→ **What is required**
Lines from the one with "тренувань на ходу." up to and including the one with "同时通车的还有外青松公路(白" are to be copied exactly from the records below, without their pictures.

→ **Given records**
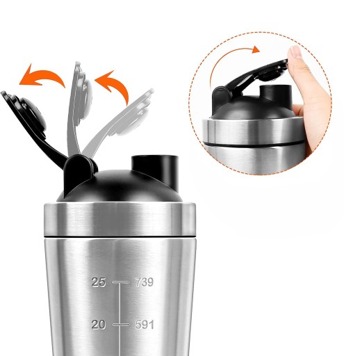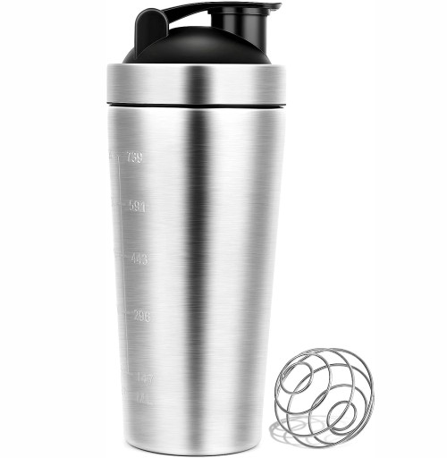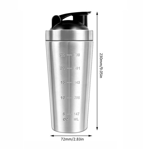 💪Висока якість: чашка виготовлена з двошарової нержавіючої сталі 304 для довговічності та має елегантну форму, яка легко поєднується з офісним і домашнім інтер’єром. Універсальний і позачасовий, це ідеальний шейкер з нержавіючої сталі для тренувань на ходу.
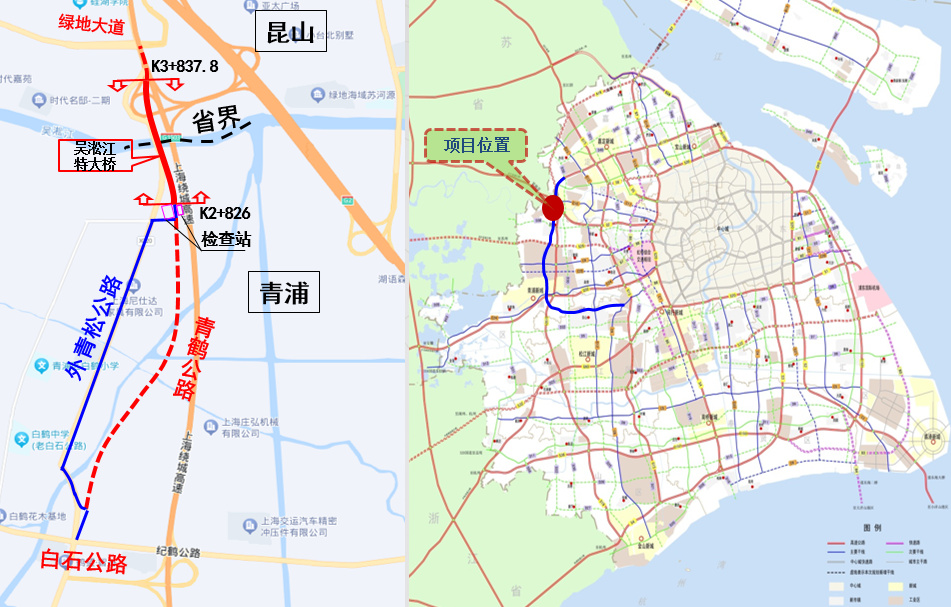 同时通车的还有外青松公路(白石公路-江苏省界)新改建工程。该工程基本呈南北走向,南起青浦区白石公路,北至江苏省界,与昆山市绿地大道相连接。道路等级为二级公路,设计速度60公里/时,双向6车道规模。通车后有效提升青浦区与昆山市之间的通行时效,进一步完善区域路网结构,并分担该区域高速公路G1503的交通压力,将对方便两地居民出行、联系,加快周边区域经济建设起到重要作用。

* * *

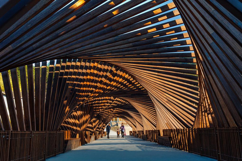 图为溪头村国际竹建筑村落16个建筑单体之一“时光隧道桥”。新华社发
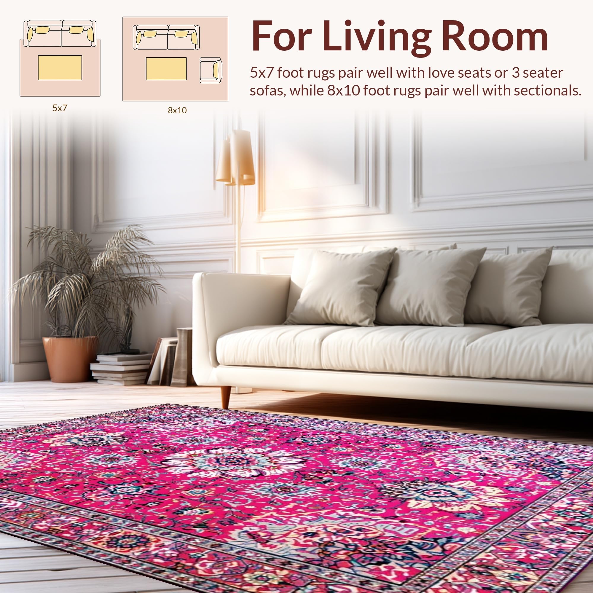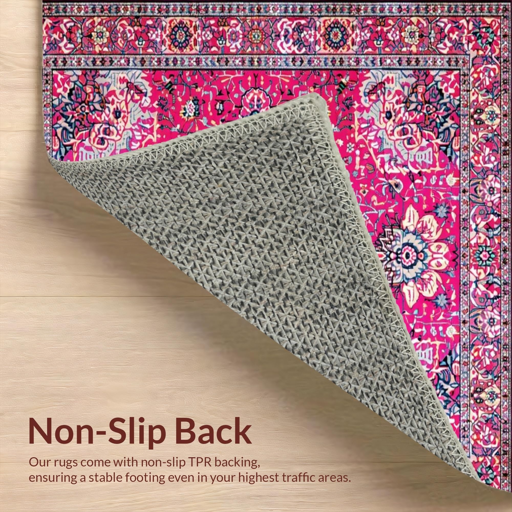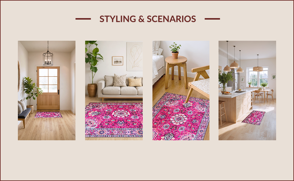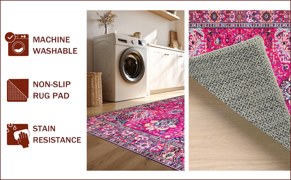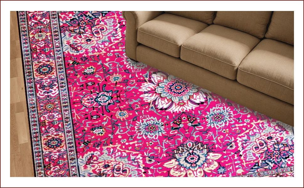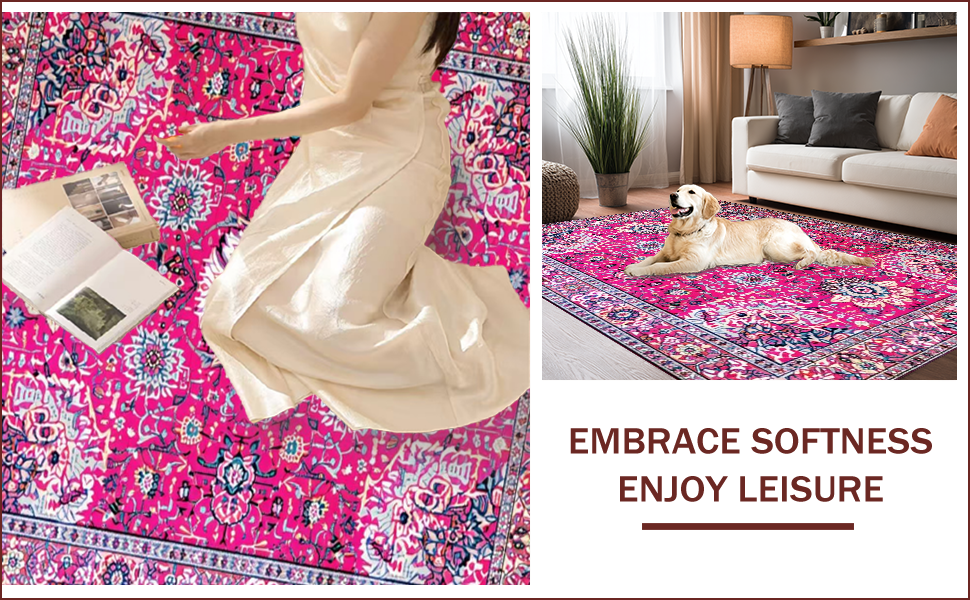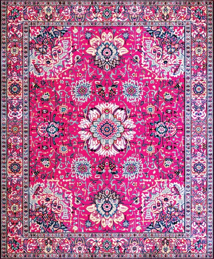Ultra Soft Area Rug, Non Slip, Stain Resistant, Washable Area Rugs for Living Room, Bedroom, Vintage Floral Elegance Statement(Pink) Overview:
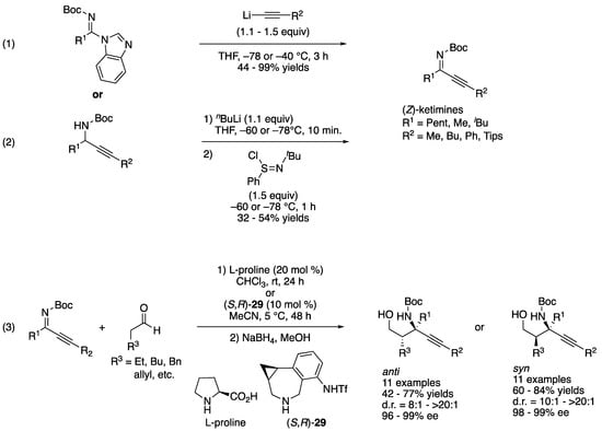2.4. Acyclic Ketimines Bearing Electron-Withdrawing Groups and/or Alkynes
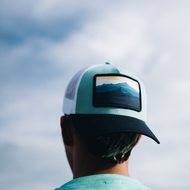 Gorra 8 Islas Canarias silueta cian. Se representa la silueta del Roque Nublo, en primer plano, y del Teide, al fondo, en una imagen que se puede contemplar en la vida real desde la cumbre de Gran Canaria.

==

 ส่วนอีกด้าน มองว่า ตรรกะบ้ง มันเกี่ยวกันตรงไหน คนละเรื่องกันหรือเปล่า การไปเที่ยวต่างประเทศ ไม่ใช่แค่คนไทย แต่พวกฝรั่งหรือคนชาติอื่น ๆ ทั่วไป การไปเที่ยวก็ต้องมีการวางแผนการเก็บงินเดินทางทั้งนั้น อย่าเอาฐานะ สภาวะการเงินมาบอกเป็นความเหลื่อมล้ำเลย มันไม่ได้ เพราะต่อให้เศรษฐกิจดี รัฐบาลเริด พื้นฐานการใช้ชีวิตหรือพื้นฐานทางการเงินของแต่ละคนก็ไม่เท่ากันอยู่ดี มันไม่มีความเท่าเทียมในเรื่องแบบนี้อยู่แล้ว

→ **Response to this exercise**
 💪Висока якість: чашка виготовлена з двошарової нержавіючої сталі 304 для довговічності та має елегантну форму, яка легко поєднується з офісним і домашнім інтер’єром. Універсальний і позачасовий, це ідеальний шейкер з нержавіючої сталі для тренувань на ходу.
 同时通车的还有外青松公路(白石公路-江苏省界)新改建工程。该工程基本呈南北走向,南起青浦区白石公路,北至江苏省界,与昆山市绿地大道相连接。道路等级为二级公路,设计速度60公里/时,双向6车道规模。通车后有效提升青浦区与昆山市之间的通行时效,进一步完善区域路网结构,并分担该区域高速公路G1503的交通压力,将对方便两地居民出行、联系,加快周边区域经济建设起到重要作用。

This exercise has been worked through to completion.